Getting Started with Data Analysis
Recording Bluetooth LE sensors
- Postprocessing Bluetooth LE sensor recordings
  - Example Logging a Ruuvi Tag with Sensor Logger
  - Example After Post-processing Ruuvi Tag Reported Values
Live Data Streaming
- Setting Up Server
Further Use Cases and Applications
Contribute

Table of contents generated with markdown-toc

The Sensor Logger App

Sensor Logger is a free, easy-to-use, cross-platform data logger that logs readings from common motion-related sensors on smartphones. Once completed, recordings can be exported as a zipped CSV file, JSON, SQLite, KML or be viewed within the app via interactive plots. The iOS version comes with a free companion watch app that allows you to log heart rate & wrist motion, and control recording sessions remotely from your wrist. Supported sensors and measurements include:

Device Acceleration (Accelerometer; Raw & Calibrated)
Gravity Vector (Accelerometer)
Device Rotation Rate (Gyroscope; Raw & Calibrated)
Device Orientation (Gyroscope)
Magnetic Heading (Magnetometer; Raw & Calibrated)
Barometric Altitude (Barometer)
GPS Coordinate, Altitude, Speed & Heading
Proximity Sensor (Android Only)
Audio Recording (Microphone)
Ambient Sound Level (Microphone)
Heart Rate (via Companion Watch App)
Wrist Motion (via Companion Watch App)
Annotations (Timestamp and optional accompanying text comment)

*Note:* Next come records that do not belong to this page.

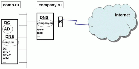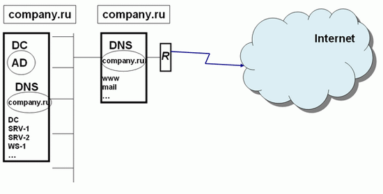 В данном случае на различных серверах DNS создаются различные зоны с одним и тем же именем company.ru. На внутреннем DNS-сервере функционирует зона company.ru.для Active Directory, на внешнем DNS-сервере — зона с таким же именем, но для ссылок на внешние ресурсы. Важный момент — данные зоны никак между собой не связаны — ни механизмами репликации, ни ручной синхронизацией.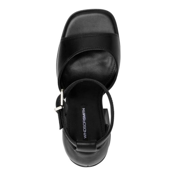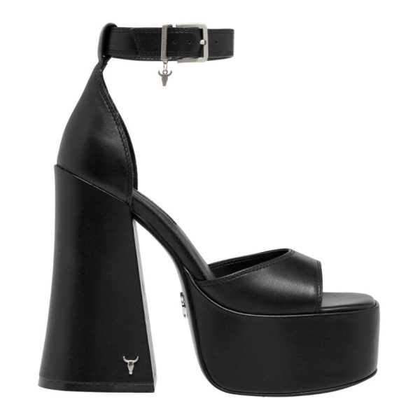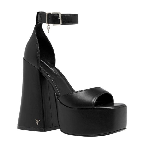 Black leather upper, these platform heels feature a soft square toe shape, buckle-up ankle strap, and high block heels standing at 14.2cm with a 5.5cm platform height.
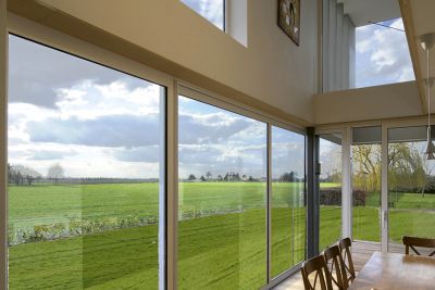 Tekst: <p>Au sommet d’une côte des Ardennes flamandes, une maison de campagne pleine de charme s’est vu adjoindre une extension étonnante. Le souci majeur de ce projet était de tirer le meilleur parti du panorama sur les environs. Au niveau de la cave, l’extension est limitée : un tube central en massif rend la construction plus aérienne. De grands treillis en acier d’une longueur totale de plus de 15 m ont été accrochés à cette fin au noyau central. Du côté pente, les forces de traction sont dérivées via des tirants vers le pied des fondations sous le noyau central. Un porte-à-faux de près de 6 m est ainsi créé du côté où le sol est plat. L’enveloppe extérieure du nouveau volume en saillie est complètement vitrée, ce qui renforce encore davantage le rôle de décor tenu par l’environnement. Dans ce projet, le choix de l’acier s’est révélé essentiel pour matérialiser à la fois le caractère aérien et l’ouverture sur l’extérieur. De même, il a permis de façon remarquable de laisser le treillis visible dans sa totalité. </p>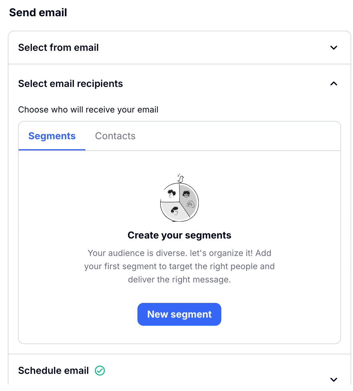 Next you can choose who you are sending this email to. If you have set up Segments, you can choose one of those here.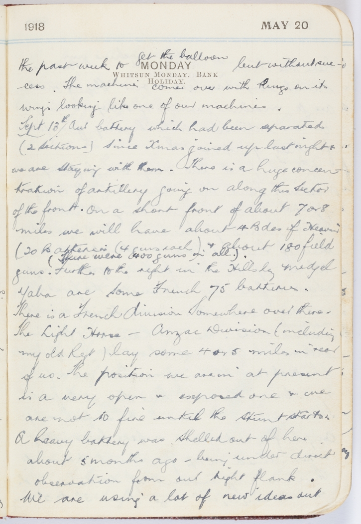 There is a huge concentration of artillery going on along this Sector of the front. On a short front of about 7 or 8 miles we will have about 4 Bdes of Heavier (20 Batteries (4 guns each) & about 180 field guns. (There were about 400 guns in all.)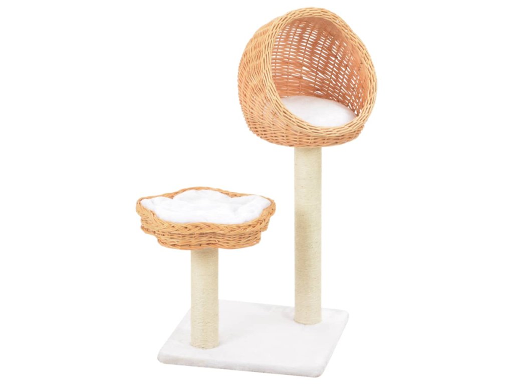 Kočičí strom dá vašim malým kamarádům příležitost protáhnout se a proběhnout, zejména během chladných zimních měsíců, kdy jsou zavření doma. Škrabací sloupky jsou omotány sisalovým provazem, na kterém si vaše kočičky mohou pohodlně a snadno brousit své drápky. Kočičí strom rovněž disponuje 2 útulnými košíky z vrbového proutí, kde si vaše kočka může zdřímnout nebo se prospat. Navíc je vybaven odnímatelnými a velmi pohodlnými polštáři, ve kterých si bude moct vaše kočka příjemně odpočinout.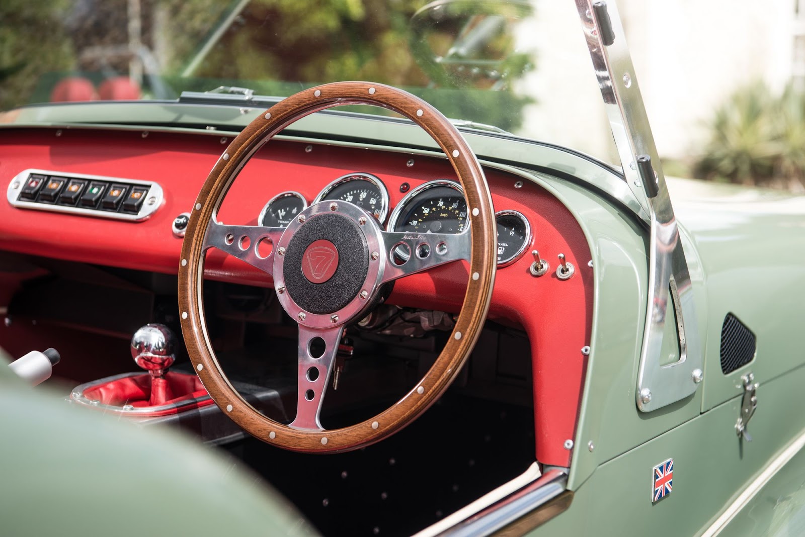 Inside, the car includes a three-spoke steering wheel with a wooden rim, a red dash and red leather seats.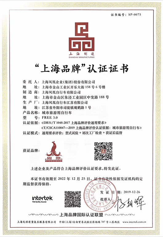 Intertek为凤凰自行车颁发“上海品牌”认证证书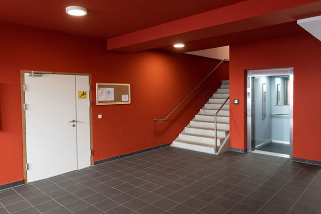 Über ein großzügig angelegtes Foyer im Erdgeschoss wird u.a. das nördlich ausgerichtete Künstleratelier erschlossen. Die Stube (Gemeinschaftsraum) grenzt über ein flexibles Wandsystem an das Atelier und bei Bedarf können die beiden Räume zu einem großen Raum verbunden werden. Das Büro und eine WC‐Anlage mit barrierefreien WC befinden sich ebenfalls im Erdgeschoss.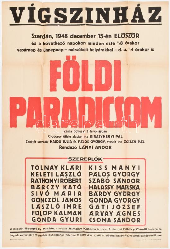 1948 Vígszínház Földi Paradicsom c. előadásának nagyméretű plakátja, s... https://www.darabanth.com/hu/395-Gyorsarveres/395.0/Mutargy-papirregiseg-egyeb/Plakat~2000020/1948-Vigszinhaz-Foldi-Paradicsom-c-eloadasanak-nagymeretu-plakatja-szereplok-Tolnay-Kl~II2400469

Learn more and download Sensor Logger at www.tszheichoi.com/sensorlogger.

Android	iOS

Getting Started with Data Analysis

Measurements made using the Sensor Logger can be exported in .zip, .csv, .json, .kml or .sqlite formats. For data analysis, the zip export is recommended as it is free and contains all the raw data. See www.tszheichoi.com/sensorloggerhelp for more about how exporting works.

Recommended Tools

Python is recommended for analysing the outputs from Sensor Logger. For interactive data exploration and visualisation, use Jupyter Notebooks, which you can run for free easily with tools like Google Colab or Deep Notes. Your typical data science Python packages apply:

Pandas for CSV parsing and manipulation
Numpy for data analysis
SciPy for time series analysis
Folium / Leaflet.js for geospatial visualisation
Dash / Flask for data streaming

Understanding Timestamps

All exported data have synchronised time stamps, meaning they can be cross-referenced. However, they do not necessarily align due to varied sampling rates. Note the followings:

The time column is the UNIX epoch timestamp of the measurement as reported by the sensors in nanoseconds. You can use tools like https://www.epochconverter.com/ to convert them to readable timestamps. By definition, these are UTC times -- whereas the filenames are in local times.
The seconds_elapsed column is the number of seconds since you tapped the Start Recording button. Note that some entries could be negative, meaning the measurements were made before the start of the recording, but are reported by your phone after the tap due to buffering or caching.
Please note that the accuracy of timestamps relies on accurate system timestamps. Please make sure your phone’s time is accurate to ensure physically correct timestamps. If your phone changes time zone mid-recording, it may also lead to unpredictable behaviour.

Understanding Units

See https://github.com/tszheichoi/awesome-sensor-logger/blob/main/UNITS.md for the full documentation of units.

File Handling

Zip and CSV

Normally, just use https://docs.python.org/3/library/zipfile.html, but for batch unzipping in Python, read https://superfastpython.com/multithreaded-unzip-files/
Reading .csv: Use pandas, see below.
Reading audio file: Depends on whether you have compression enabled in the Sensor Logger's settings.
- Do read https://hackernoon.com/audio-handling-basics-how-to-process-audio-files-using-python-cli-jo283u3y
- Use https://librosa.org/doc/latest/index.html

JSON

The JSON export format is a single file, where the contents are an array of objects. Each object represents a single record (row). All records for a given sensor are grouped together and are then sorted by time.

[
  {
    "sensor": "Accelerometer",
    "time": "1698501144401773000",
    "seconds_elapsed": "0.21677294921875",
    "z": "-0.10382747650146484",
    "y": "-0.0009566396474838257",
    "x": "0.06110857427120209"
  },
  {
    "sensor": "Accelerometer",
    "time": "1698501144411773000",
    "seconds_elapsed": "0.22677294921875",
    "z": "-0.10387134552001953",
    "y": "-0.002205267548561096",
    "x": "0.06393256038427353"
  },
  {
    "sensor": "Location",
    "time": "1698501145514000000",
    "seconds_elapsed": "1.328999755859375",
    "bearingAccuracy": "0",
    "speedAccuracy": "0",
    "verticalAccuracy": "1.773818016052246",
    "horizontalAccuracy": "15.102999687194824",
    "speed": "0",
    "bearing": "0",
    "altitude": "214.1999969482422",
    "longitude": "0.0",
    "latitude": "0.0"
  }
]

SQLite

For reading data exported using the SQLite option in Python, you may try:

import sqlite3

database_file = 'your_database_file.sqlite'

try:
    connection = sqlite3.connect(database_file)
    cursor = connection.cursor()

    sql_query = "SELECT * FROM Accelerometer"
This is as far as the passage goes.